§ What you need to do: Copy each line of the data below exactly, leaving out pictures.

§ Collected data:
▶
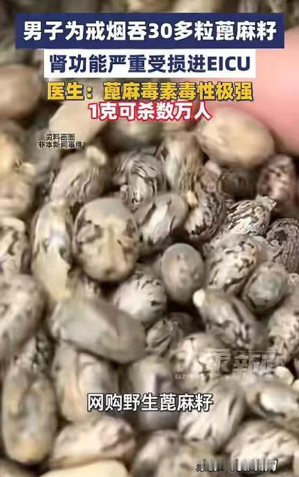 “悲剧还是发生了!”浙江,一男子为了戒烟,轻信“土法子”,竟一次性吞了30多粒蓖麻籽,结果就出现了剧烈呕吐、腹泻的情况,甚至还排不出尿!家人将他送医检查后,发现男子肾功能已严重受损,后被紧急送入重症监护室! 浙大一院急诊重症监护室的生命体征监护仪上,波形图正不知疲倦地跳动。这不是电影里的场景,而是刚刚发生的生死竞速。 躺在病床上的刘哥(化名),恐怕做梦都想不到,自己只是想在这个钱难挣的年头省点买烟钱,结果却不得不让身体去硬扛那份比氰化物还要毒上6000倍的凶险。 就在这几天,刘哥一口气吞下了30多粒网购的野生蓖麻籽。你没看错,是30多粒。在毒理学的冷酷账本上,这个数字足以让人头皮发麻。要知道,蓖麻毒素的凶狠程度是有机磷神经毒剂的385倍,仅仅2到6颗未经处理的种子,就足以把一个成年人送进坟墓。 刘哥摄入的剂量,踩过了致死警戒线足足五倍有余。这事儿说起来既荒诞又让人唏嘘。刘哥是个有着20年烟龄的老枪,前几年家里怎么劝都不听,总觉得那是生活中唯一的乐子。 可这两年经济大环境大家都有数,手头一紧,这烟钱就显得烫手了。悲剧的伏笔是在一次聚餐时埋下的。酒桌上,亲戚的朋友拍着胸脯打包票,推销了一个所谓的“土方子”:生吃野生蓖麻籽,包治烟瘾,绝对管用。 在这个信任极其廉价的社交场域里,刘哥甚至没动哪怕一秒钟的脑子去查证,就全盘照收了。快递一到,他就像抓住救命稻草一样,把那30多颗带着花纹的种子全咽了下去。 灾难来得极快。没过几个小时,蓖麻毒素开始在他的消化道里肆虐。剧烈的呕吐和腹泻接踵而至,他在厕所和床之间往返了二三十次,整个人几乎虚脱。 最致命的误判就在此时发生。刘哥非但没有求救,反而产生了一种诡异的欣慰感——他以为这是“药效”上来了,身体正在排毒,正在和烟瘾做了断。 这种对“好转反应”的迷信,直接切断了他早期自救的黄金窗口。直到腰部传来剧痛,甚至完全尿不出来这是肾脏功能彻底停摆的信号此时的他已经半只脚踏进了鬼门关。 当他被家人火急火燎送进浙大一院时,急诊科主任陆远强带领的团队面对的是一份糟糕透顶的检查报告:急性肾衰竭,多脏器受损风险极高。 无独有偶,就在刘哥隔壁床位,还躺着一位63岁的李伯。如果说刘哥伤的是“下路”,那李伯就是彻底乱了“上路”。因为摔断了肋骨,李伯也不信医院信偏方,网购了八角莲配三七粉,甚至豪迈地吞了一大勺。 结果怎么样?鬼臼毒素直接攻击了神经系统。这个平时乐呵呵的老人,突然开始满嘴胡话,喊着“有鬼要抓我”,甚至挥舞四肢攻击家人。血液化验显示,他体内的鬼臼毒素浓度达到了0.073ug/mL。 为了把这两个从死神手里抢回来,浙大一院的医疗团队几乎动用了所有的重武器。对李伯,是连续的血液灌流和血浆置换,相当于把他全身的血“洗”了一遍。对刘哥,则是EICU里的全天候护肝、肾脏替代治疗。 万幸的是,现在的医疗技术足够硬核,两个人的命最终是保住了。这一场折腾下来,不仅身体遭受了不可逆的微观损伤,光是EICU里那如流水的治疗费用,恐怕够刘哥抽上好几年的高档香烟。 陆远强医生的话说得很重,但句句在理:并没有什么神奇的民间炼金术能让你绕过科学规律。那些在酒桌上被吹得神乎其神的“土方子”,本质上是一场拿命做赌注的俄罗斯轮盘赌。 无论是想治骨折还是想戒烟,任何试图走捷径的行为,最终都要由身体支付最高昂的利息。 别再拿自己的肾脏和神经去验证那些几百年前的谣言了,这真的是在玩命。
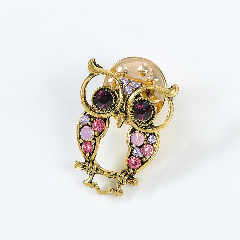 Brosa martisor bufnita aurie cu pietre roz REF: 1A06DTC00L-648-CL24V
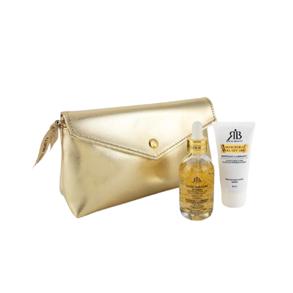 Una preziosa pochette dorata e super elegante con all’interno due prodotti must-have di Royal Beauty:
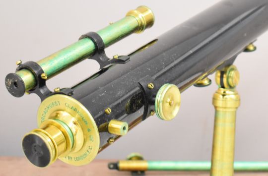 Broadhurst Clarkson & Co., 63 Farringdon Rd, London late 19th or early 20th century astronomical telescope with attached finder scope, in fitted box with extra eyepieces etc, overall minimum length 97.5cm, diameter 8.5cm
◀
§ Response below:
 “悲剧还是发生了!”浙江,一男子为了戒烟,轻信“土法子”,竟一次性吞了30多粒蓖麻籽,结果就出现了剧烈呕吐、腹泻的情况,甚至还排不出尿!家人将他送医检查后,发现男子肾功能已严重受损,后被紧急送入重症监护室! 浙大一院急诊重症监护室的生命体征监护仪上,波形图正不知疲倦地跳动。这不是电影里的场景,而是刚刚发生的生死竞速。 躺在病床上的刘哥(化名),恐怕做梦都想不到,自己只是想在这个钱难挣的年头省点买烟钱,结果却不得不让身体去硬扛那份比氰化物还要毒上6000倍的凶险。 就在这几天,刘哥一口气吞下了30多粒网购的野生蓖麻籽。你没看错,是30多粒。在毒理学的冷酷账本上,这个数字足以让人头皮发麻。要知道,蓖麻毒素的凶狠程度是有机磷神经毒剂的385倍,仅仅2到6颗未经处理的种子,就足以把一个成年人送进坟墓。 刘哥摄入的剂量,踩过了致死警戒线足足五倍有余。这事儿说起来既荒诞又让人唏嘘。刘哥是个有着20年烟龄的老枪,前几年家里怎么劝都不听,总觉得那是生活中唯一的乐子。 可这两年经济大环境大家都有数,手头一紧,这烟钱就显得烫手了。悲剧的伏笔是在一次聚餐时埋下的。酒桌上,亲戚的朋友拍着胸脯打包票,推销了一个所谓的“土方子”:生吃野生蓖麻籽,包治烟瘾,绝对管用。 在这个信任极其廉价的社交场域里,刘哥甚至没动哪怕一秒钟的脑子去查证,就全盘照收了。快递一到,他就像抓住救命稻草一样,把那30多颗带着花纹的种子全咽了下去。 灾难来得极快。没过几个小时,蓖麻毒素开始在他的消化道里肆虐。剧烈的呕吐和腹泻接踵而至,他在厕所和床之间往返了二三十次,整个人几乎虚脱。 最致命的误判就在此时发生。刘哥非但没有求救,反而产生了一种诡异的欣慰感——他以为这是“药效”上来了,身体正在排毒,正在和烟瘾做了断。 这种对“好转反应”的迷信,直接切断了他早期自救的黄金窗口。直到腰部传来剧痛,甚至完全尿不出来这是肾脏功能彻底停摆的信号此时的他已经半只脚踏进了鬼门关。 当他被家人火急火燎送进浙大一院时,急诊科主任陆远强带领的团队面对的是一份糟糕透顶的检查报告:急性肾衰竭,多脏器受损风险极高。 无独有偶,就在刘哥隔壁床位,还躺着一位63岁的李伯。如果说刘哥伤的是“下路”,那李伯就是彻底乱了“上路”。因为摔断了肋骨,李伯也不信医院信偏方,网购了八角莲配三七粉,甚至豪迈地吞了一大勺。 结果怎么样?鬼臼毒素直接攻击了神经系统。这个平时乐呵呵的老人,突然开始满嘴胡话,喊着“有鬼要抓我”,甚至挥舞四肢攻击家人。血液化验显示,他体内的鬼臼毒素浓度达到了0.073ug/mL。 为了把这两个从死神手里抢回来,浙大一院的医疗团队几乎动用了所有的重武器。对李伯,是连续的血液灌流和血浆置换,相当于把他全身的血“洗”了一遍。对刘哥,则是EICU里的全天候护肝、肾脏替代治疗。 万幸的是,现在的医疗技术足够硬核,两个人的命最终是保住了。这一场折腾下来,不仅身体遭受了不可逆的微观损伤,光是EICU里那如流水的治疗费用,恐怕够刘哥抽上好几年的高档香烟。 陆远强医生的话说得很重,但句句在理:并没有什么神奇的民间炼金术能让你绕过科学规律。那些在酒桌上被吹得神乎其神的“土方子”,本质上是一场拿命做赌注的俄罗斯轮盘赌。 无论是想治骨折还是想戒烟,任何试图走捷径的行为,最终都要由身体支付最高昂的利息。 别再拿自己的肾脏和神经去验证那些几百年前的谣言了,这真的是在玩命。
 Brosa martisor bufnita aurie cu pietre roz REF: 1A06DTC00L-648-CL24V
 Una preziosa pochette dorata e super elegante con all’interno due prodotti must-have di Royal Beauty:
 Broadhurst Clarkson & Co., 63 Farringdon Rd, London late 19th or early 20th century astronomical telescope with attached finder scope, in fitted box with extra eyepieces etc, overall minimum length 97.5cm, diameter 8.5cm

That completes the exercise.